What it Takes to be an Effective Parent

Published Categorized as Journal

You may have heard that there are several basic styles of parenting, and this is true. While it can help to study various parenting philosophies, when it comes down to it you have to use your own judgment and see what works best for you. At the same time, you’ll probably find that the following points can help clarify certain areas of parenting that many find challenging.

If you practice permissive parenting, you have to be prepared for some difficulties down the road. This is a parenting style where discipline, if present at all, is kept to a minimum. If you’ve ever seen noisy, rambunctious kids in a public place whose parents make no attempt to reign them in, you’ve seen an example of this parenting style. Too much permissiveness can not only make your kids a burden on other people, it makes life difficult for the kids as well. For one thing, other people are not as lenient as permissive parents, so kids raised in such a home often have trouble when they have to fit into the wider world. Kids also need a certain amount of structure to feel safe and secure, and they look to the adults around them for this. Although there are many parenting skills that you may learn, one of the hardest ones to convey to your children is that there are consequences for their actions. Consequences for bad behavior typically range around the removal of certain privileges like surfing on the Internet or having to sit in the room. When it comes to setting up rules in the house, it’s best to only create rules that you intend to consistently enforce. Every rule that you set up needs to be adhered to, and not something passing in the wind that may or may not be required. It is so important to always be consistent with the enforcement of your policies, otherwise your kids will not develop a sense of responsibility or structure in regard to the choices that they make.

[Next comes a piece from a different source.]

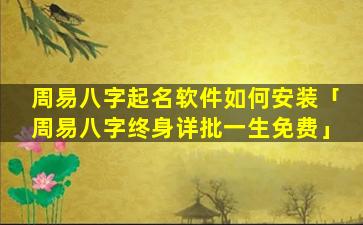 安装周易八 🐦 字起名 🕊 软件的步骤 🦁 :
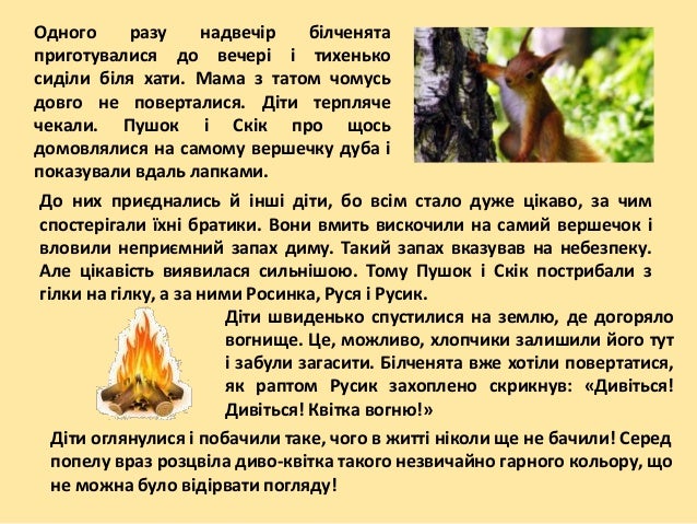 2.  Одного разу надвечір білченята приготувалися до вечері і тихенько сиділи біля хати. Мама з татом чомусь довго не поверталися. Діти терпляче чекали. Пушок і Скік про щось домовлялися на самому вершечку дуба і показували вдаль лапками. До них приєднались й інші діти, бо всім стало дуже цікаво, за чим спостерігали їхні братики. Вони вмить вискочили на самий вершечок і вловили неприємний запах диму. Такий запах вказував на небезпеку. Але цікавість виявилася сильнішою. Тому Пушок і Скік пострибали з гілки на гілку, а за ними Росинка, Руся і Русик. Діти швиденько спустилися на землю, де догоряло вогнище. Це, можливо, хлопчики залишили його тут і забули загасити. Білченята вже хотіли повертатися, як раптом Русик захоплено скрикнув: «Дивіться! Дивіться! Квітка вогню!» Діти оглянулися і побачили таке, чого в житті ніколи ще не бачили! Серед попелу враз розцвіла диво-квітка такого незвичайно гарного кольору, що не можна було відірвати погляду!

Making rules for your kids is a necessary part of being a parent. Up to a certain age, it’s even essential for their safety. Beyond this, however, kids need to have some structure in their lives until they’re mature enough to set their own limits. Most rules aren’t about life shattering issues, but on everyday matters like meals, schedules, how much TV/online time the child is allowed and similar things. You don’t want to make their lives too structured, though; the way you can strike a balance is by telling them something like, "You can either do A or B, but not both." You can tell them, for instance, that if they want dessert they have to eat their vegetables, but they might have a choice between spinach and broccoli. Your personality, and the personality of your child, will play a large role in your relationship as you both grow older. Some children need more discipline, while others have more self control. So, while it’s good to study various parenting theories and know what the experts recommend, in some ways you have to base your own parenting style on your own children and situation.